Berkaitan dengan hal tersebut, sejak tahun 2008 lalu, melalui Undang-Undang Informasi Transaksi Elektronik, Indonesia sudah mendorong penggunaan Sertifikat Elektronik sebagai identitas digital yang menunjukkan subjek hukum para pihak dalam dunia digital.
Sekalipun tidak tampak secara langsung, teknologi digital berbasis sertifikat elektronik, misalnya tanda tangan digital dan e-KYC, sudah menjadi tulang punggung dari berbagai layanan digital populer dari berbagai industri, seperti jasa keuangan, e-commerce, transportasi, bahkan kesehatan.
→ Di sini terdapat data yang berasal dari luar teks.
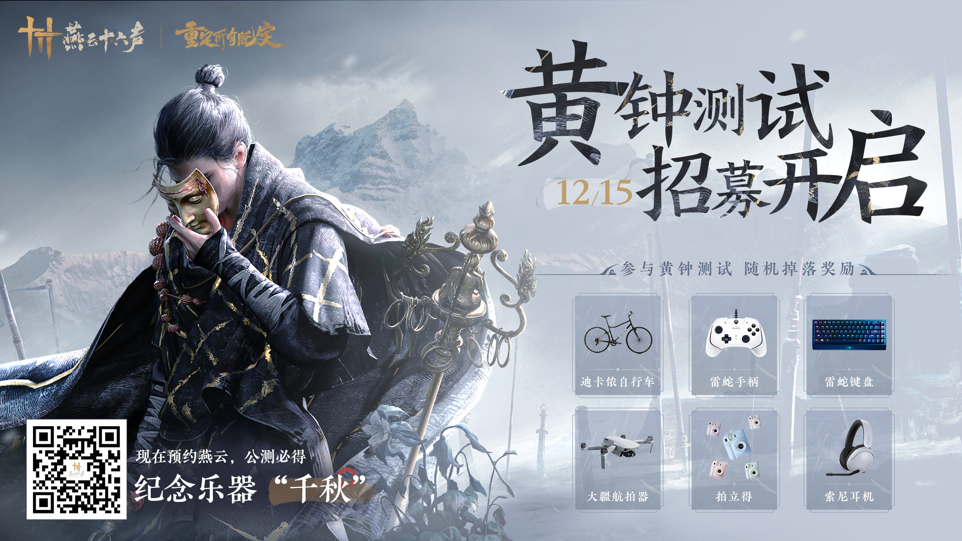 感谢诸位期待,《燕云十六声》黄钟测试将于12月15日开启。 关于黄钟测试,想必大家有诸多疑问。 在此,十六整合了一些常见的问题,在此与诸位解答。 1、本次测试定性? ——黄钟测试限量不计费删档,测试结束后,服务器将对玩家数据进行清空。 2、本次测试的平台? ——本次测试仅限PC端,所有体验内容均为开发中版本,不代表游戏最终品质。更多平台适配仍在进行中,敬请期待。 3、如何获取测试资格? ——本次测试将通过以下几种方式发放: ①官网预约,我们将从问卷中随机筛选发放,欢迎玩家朋友前往官网预约。 ②关注“燕云十六声”官方账号(微信、微博、抖音、大神、taptap),十六会通过抽奖活动等方式发放少量测试资格。 ③预留了少量测试资格,供合作品牌、媒体伙伴体验评测。 4、测试报名截止时间? ——本次测试报名截止时间为2023年12月11日24:00,请有意参与测试的游侠安排好时间,及时填写招募问卷。 5、填写问卷时游戏经历越丰富、设备配置越高,获得资格的概率更高吗? ——测试资格将由问卷中匹配的不同类别、不同配置玩家中随机筛选决定。为了更客观的调研玩家数据,帮助燕云优化成长,请玩家朋友们根据实际情况如实填写问卷,感谢。 6、每个测试资格可以登录几台设备? ——每个测试帐号只能绑定一台PC设备,手机号登录后与设备绑定,该帐号将无法在其他设备上进行游戏,因此请参与测试的游侠在第一次登陆时选择好设备。 7、本次测试的PC配置要求是什么? 【最低配置】 系统:Windows 10/11 64位 CPU:I7-9700/锐龙5 3600X,及同等性能设备 显卡:GTX 1060(6GB)/RX 480(8GB),及同等性能设备 内存:16GB 固态硬盘SSD预留100G 【推荐配置】 系统:Windows 10/11 64位 CPU:I7-10700/Ryzen5900 显卡:RTX 2070 SUPER / RX 6700 XT 内存:32GB 固态硬盘SSD预留100G 【高性能配置】 系统:Windows 10/11 64位 CPU:I7-12700K/锐龙9 5950X 显卡:RTX 3080 / RX 6800 XT 内存:32GB 固态硬盘SSD预留100G 注:下载燕云包体后至本次测试期间,请勿重装系统,否则可能导致资格失效而无法进入游戏。 8、本次测试是否可以使用手柄体验? ——可以,本次测试支持使用Xbox或PS手柄体验。 9、是否可以转让测试资格? ——不可以。如获得测试资格,仅供参与招募的本人使用,禁止任何形式的转让、售卖。一经核实将回收测试资格并追究责任,感谢理解。 10、是否可以将游戏内容以直播、视频、截图等形式发布到社交平台? ——本次测试将不会对玩家合理的分享传播做严格限制。但本次测试所有体验内容均为开发中版本,不代表游戏最终品质。同时,针对拆包、盗用、恶意抹黑等侵权行为,我们将保留追究法律责任的权利。 11、参加过上次的「蕤宾测试」,依然可以参加本次「黄钟测试」吗? ——可以,两次测试互相独立,此前的报名和资格不影响本次测试。如有意向参加本次测试,请按照要求填写招募问卷。 12、为什么叫“黄钟测试”? ——我们将本次测试命名为“黄钟测试”,取自十六声中的第一声,其声浑厚,可喻山川地理。希望诸位玩家的燕云游历如同黄钟之声,浩荡长存,期待与各位相遇。

Dengan menerapkan pemahaman itu, Niki pun menerangkan bahwa VIDA dalam menjalankan bisnisnya juga melakukan pertimbangan aspek implementasi teknologi canggih yang disertai dengan perhitungan pada aspek etika, khususnya dalam penggunaan data konsumen dengan mendasarkan diri pada prinsip 4S, yakni speed, scale, secure, dan social.
“Operasional seluruh layanan kami telah memperhatikan sudut pandang konsumen berdasarkan prinsip-prinsip identitas digital seperti perlunya consent (persetujuan). Sejalan dengan rekomendasi B20, budaya penghormatan dan perlindungan data ini harus menjadi perhatian utama bagi antar pemangku kepentingan dengan menyesuaikan dengan tren ancaman keamanan terkini,” tutupnya.
Sekian ulasan tentang berita fintech Indonesia yang perlu diketahui. Semoga bermanfaat.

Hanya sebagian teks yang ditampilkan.